Chou-rave

Chou-rave

chou rave

Certains légumes ne nous sourient pas vraiment sur l’étal de nos primeurs et on a tendance à oublier de les déposer dans nos paniers…

Pour nous, c’était le cas du chou-rave… zoom sur une super redécouverte !

CAPITAL SANTE

Le chou-rave fait partie des crucifères, une famille botanique qui contribuerait à nous protéger des cancers, particulièrement celui du poumon.  Le chou-rave est également une excellente source de vitamines C.

UN PEU D’HISTOIRE

Le terme « chou-rave » est apparu dans la langue française en 1600. En latin, caulo-rapa veut dire « chou-navet »

Dans certaines régions de France, on l’appelle « colrave » ou « chou pommé » et, pour le décrire botaniquement, on dira qu’il s’agit d’un tubercule aérien, le chou-rave n’étant pas à proprement parler une racine, mais plutôt un renflement de la tige.

Ce légume fut surconsommé pendant la guerre, c’est sans doute une des raisons pour laquelle nos grands-mères l’ont très peu cuisiné.

BIEN LE CHOISIR ET LE CONSERVER

chou-raveOn le choisira de préférence avec un diamètre de cinq à sept centimètres.  Plus gros, ils risquent d’être fibreux.

Il est également possible de le trouver sur certains étals en miniature, deux ou trois centimètres. Il sera alors cuit entier, avec la peau.

Si vous avez la chance d’en trouver avec des feuilles, ne les jetez pas, elles se cuisinent comme des épinards.

Au toucher, il doit être ferme et les feuilles, si elles sont présentes, de couleur vive.

Il se conserve trois jours au réfrigérateur.

COTE CUISINE

chou-raveD’une saveur douce, il se consomme cru ou cuit.

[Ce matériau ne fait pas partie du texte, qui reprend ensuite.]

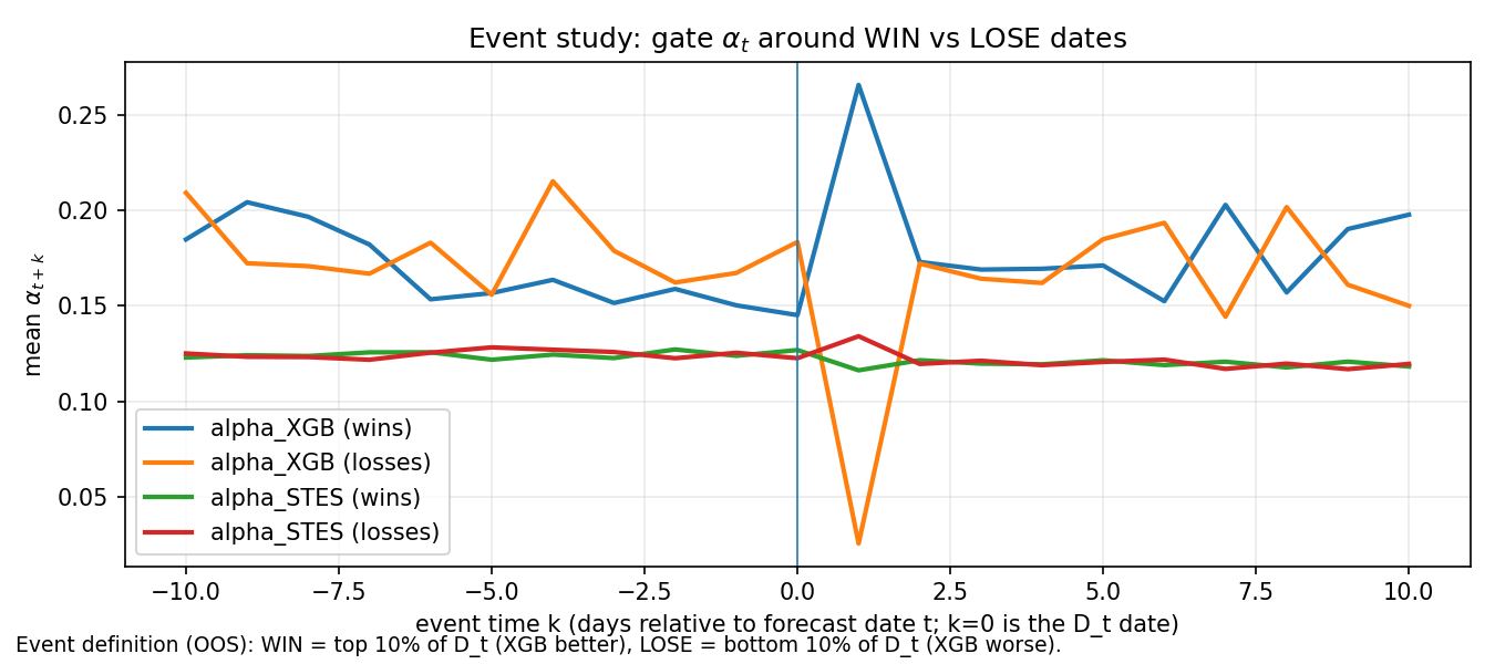 XGB win vs lose datesThe gate event chart indicate that STES \alpha remains relatively stable and similar across WIN/LOSE events. However, XGB \alpha diverges strongly: it spikes around WIN events and collapses around LOSE events near the shock timing.

Les enfants adorent le couper en fines lamelles et le manger cru, il fait fureur dans les boites à tartine pour changer de la classique carotte.

Le chou-rave aime être cuisiné  au gratin, en crème ou en potage, détaillé en bâtonnets et passé à la friteuse, écrasé comme des pommes de terre, sauté dans le wok et farci !

Il aime également être coupé en dés, en lamelles ou râpé dans nos salades.